Story #7668: Determine how indexing of data packages should work - Infrastructure - DataONE Tasks

Story #7668

Determine how indexing of data packages should work

Added by Bryce Mecum about 9 years ago. Updated about 7 years ago.

Status:

New

Priority:

Normal

Assignee:

Jing Tao

Category:

d1_indexer

Target version:

CCI-2.4.0

Start date:

2016-03-01

Due date:

% Done:

Story Points:

Sprint:

Infrastructure backlog

Description

I've discovered (with Lauren's help) a strange requirement for how the resource maps for nested data packages have to be written. In order to get nested data packages correctly indexed in Solr so that the 'resourceMap' field of the resource map being nested is set to the parent resource map's PID, you have to create the appropriate set of @cito:documents@ statements in addition to the expected @ore:aggregates@ statements.
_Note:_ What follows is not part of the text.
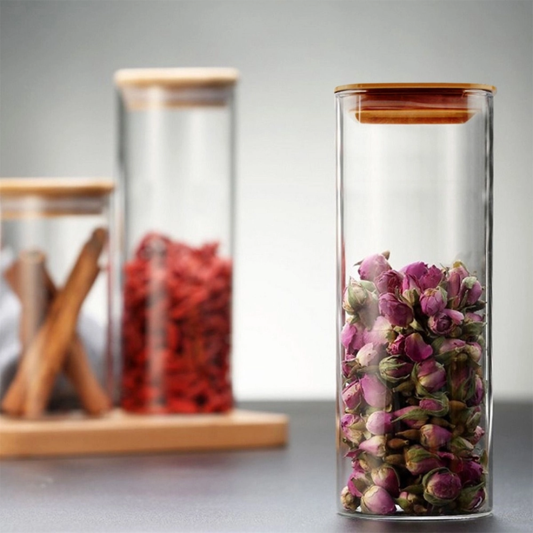 - Cor: Transparente (corpo) com tampa de bambu natural

I expected the following to be sufficient (pardon the highly abstracted RDF, examples are linked below):

parent_resource_map#aggregation ore:aggregates child_resource_map
parent_resource_map#aggregation ore:aggregates metadata_object

but I also had to add a @cito:documents@ statement between the parent resource map's metadata object and the resource maps being nested

parent_resource_map#aggregation ore:aggregates child_resource_map
parent_resource_map#aggregation ore:aggregates metadata_object

parent_metadata_object cito:documents child_resource_map

The documentation does not suggest this and I found it confusing. A real life example of what I expected to work is here: https://gist.github.com/amoeba/c7a6ba269c5a1f78db1d
What I actually had to insert is here: https://dev.nceas.ucsb.edu/knb/d1/mn/v2/object/resourceMap_urn:uuid:ab17b047-a341-4d06-b433-92eed90dacec

Is the need for the @cito:documents@ statement(s) really required and is this the intended behavior? I've made this issue in the hopes we can talk about it.

I suggest updating the API docs with whatever we decide, and hopefully that update will include example RDF for a nested data package.

Related issues

History

#1 Updated by Jing Tao over 8 years ago

Category set to d1_cn_index_processor
Assignee set to Jing Tao
Target version set to CCI-2.3.1

#2 Updated by Chris Jones over 8 years ago

My understanding is that there shouldn't be a requirement to add a

parent_metadata_object cito:documents child_resource_map

statement. To me, this documentation isn't correct:

??A data package in DataONE is composed of at least one science metadata document describing at least one data object with the relationships between them documented in a resource map document.??

See https://releases.dataone.org/online/api-documentation-v2.0/design/DataPackage.html#synopsis

The six requirements of a DataONE Data Package that are over and above the OAI-ORE spec are found here:

https://releases.dataone.org/online/api-documentation-v2.0/design/DataPackage.html#generating-resource-maps

None of these require a @cito:documents@ statement, and so I think this documentation needs to be updated. Likewise, the @resourceMapSubprocessor@ code needs to be reviewed to remove any hard dependency on the presence of a @cito:documents@ statement. Currently, the @resourceMap@ field in Solr represents the @ore:aggregates@ statements, and I think that that only should be used to indicate participation in a resource map. In fact, I'd even prefer having the @aggregates@ and @isAggregatedBy@ Solr fields instead to show both directions of the relationship in the index.

An example is where a data manager calls @MN.create()@ on a bunch of data objects, and then calls @MN.create()@ on the resource map with these objects aggregated. Later, when the data manager is able to get the metadata from a scientist, they may call @MN.create()@ for the science metadata document, and @MN.update()@ on the resource map, adding the science metadata to the aggregation, and inserting @cito:documents@ statements.